Log collection limits
- Extension plugins process text logs in line mode. This means file-level metadata, such as __tag__:__path__ and __topic__, is stored in each log.
- Adding an extension plugin affects features related to tags:
  - The context query and LiveTail features become unavailable. To use these features, you must add an aggregator configuration.
  - The __topic__ field is renamed to __log_topic__. If you add an aggregator configuration, both the __topic__ and __log_topic__ fields exist in the log. If you do not need the __log_topic__ field, you can use the drop field plugin to delete it.
  - Fields such as __tag__:__path__ no longer have a native field index. You must create a field index for them.

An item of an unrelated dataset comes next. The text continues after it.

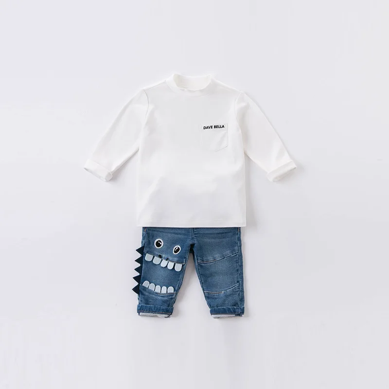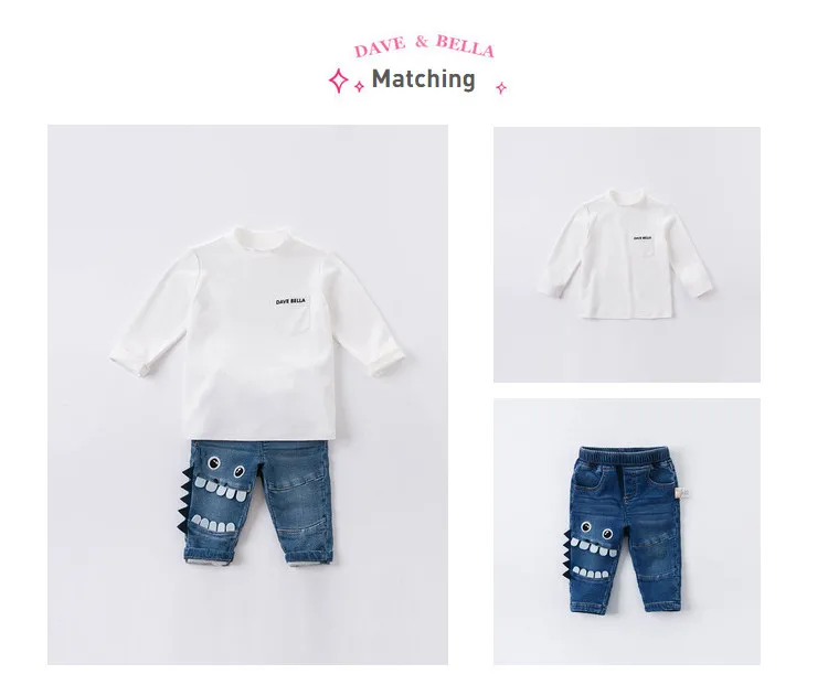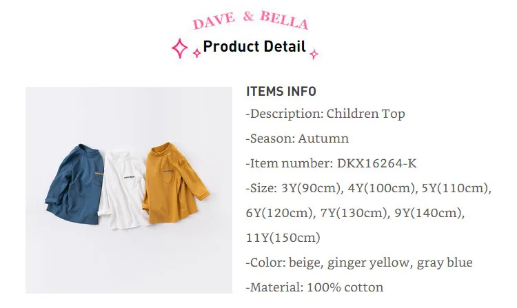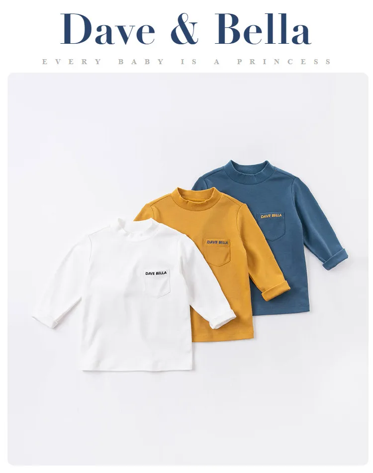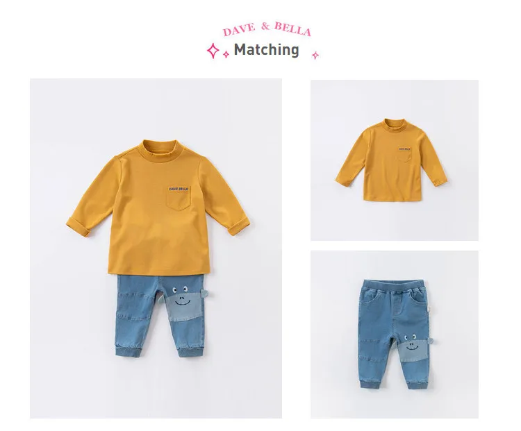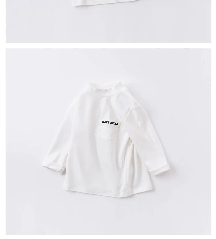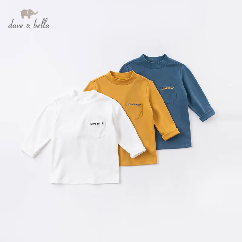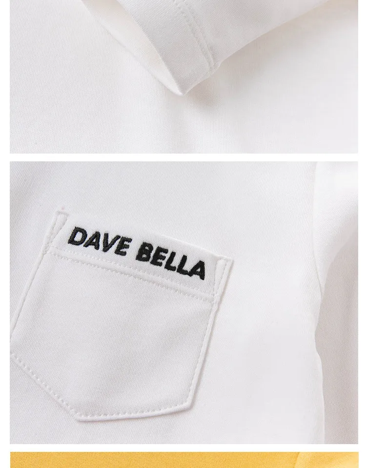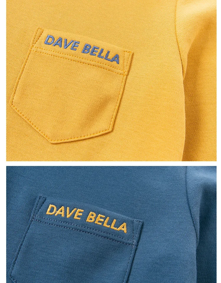 DKX16264-K dave bellaОсенняя От 3 до 11 лет детская одежда детская модная футболка с карманами и буквенным принтом модные футболки высокого качества для мальчиков

Data masking plugin (native)

The data masking plugin masks logs.

Configuration description

Parameter	Description
Source Field	The source field that stores the log content before parsing.
Masking Method	The masking method. Valid values: const: Replaces sensitive content with a string that you specify. md5: Replaces sensitive content with its corresponding MD5 hash.
Replacement String	If you set Masking Method to const, enter a string to replace the sensitive content.
Prefix Content Expression	The expression for the content that precedes the sensitive content. This expression is used to find the sensitive content. The expression must follow the RE2 syntax. For more information, see RE2 Syntax.
Expression for Replacing Content	The expression for the sensitive content. The expression must follow the RE2 syntax. For more information, see RE2 Syntax.
Replace All Matches	If you select Replace All Matches, all sensitive content in the field is replaced. If you do not select Replace All Matches, only the first part of the content in the field that matches the expression is replaced.

Example

Source field

content:[{'account':'1812213231432969','password':'04a23f38'}, {'account':'1812213685634','password':'123a'}]

Logtail configuration

Parsing result

[{'account':'1812213231432969','password':'********'}, {'account':'1812213685634','password':'********'}]

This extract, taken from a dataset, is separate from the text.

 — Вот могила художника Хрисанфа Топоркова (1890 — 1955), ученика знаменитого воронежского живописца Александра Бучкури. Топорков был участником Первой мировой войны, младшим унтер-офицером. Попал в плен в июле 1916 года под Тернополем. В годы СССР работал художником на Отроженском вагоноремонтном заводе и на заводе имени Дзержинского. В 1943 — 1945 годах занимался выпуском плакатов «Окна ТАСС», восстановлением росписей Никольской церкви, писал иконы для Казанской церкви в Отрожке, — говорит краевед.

Data masking plugin (extension)

You can use the processor_desensitize plugin to replace sensitive data in logs with a specified string or an MD5 hash. This section describes the parameters and provides an example of the processor_desensitize plugin.

Limits

Form-based configuration: Available when you collect text logs and container standard output.
JSON configuration: Not available when you collect text logs.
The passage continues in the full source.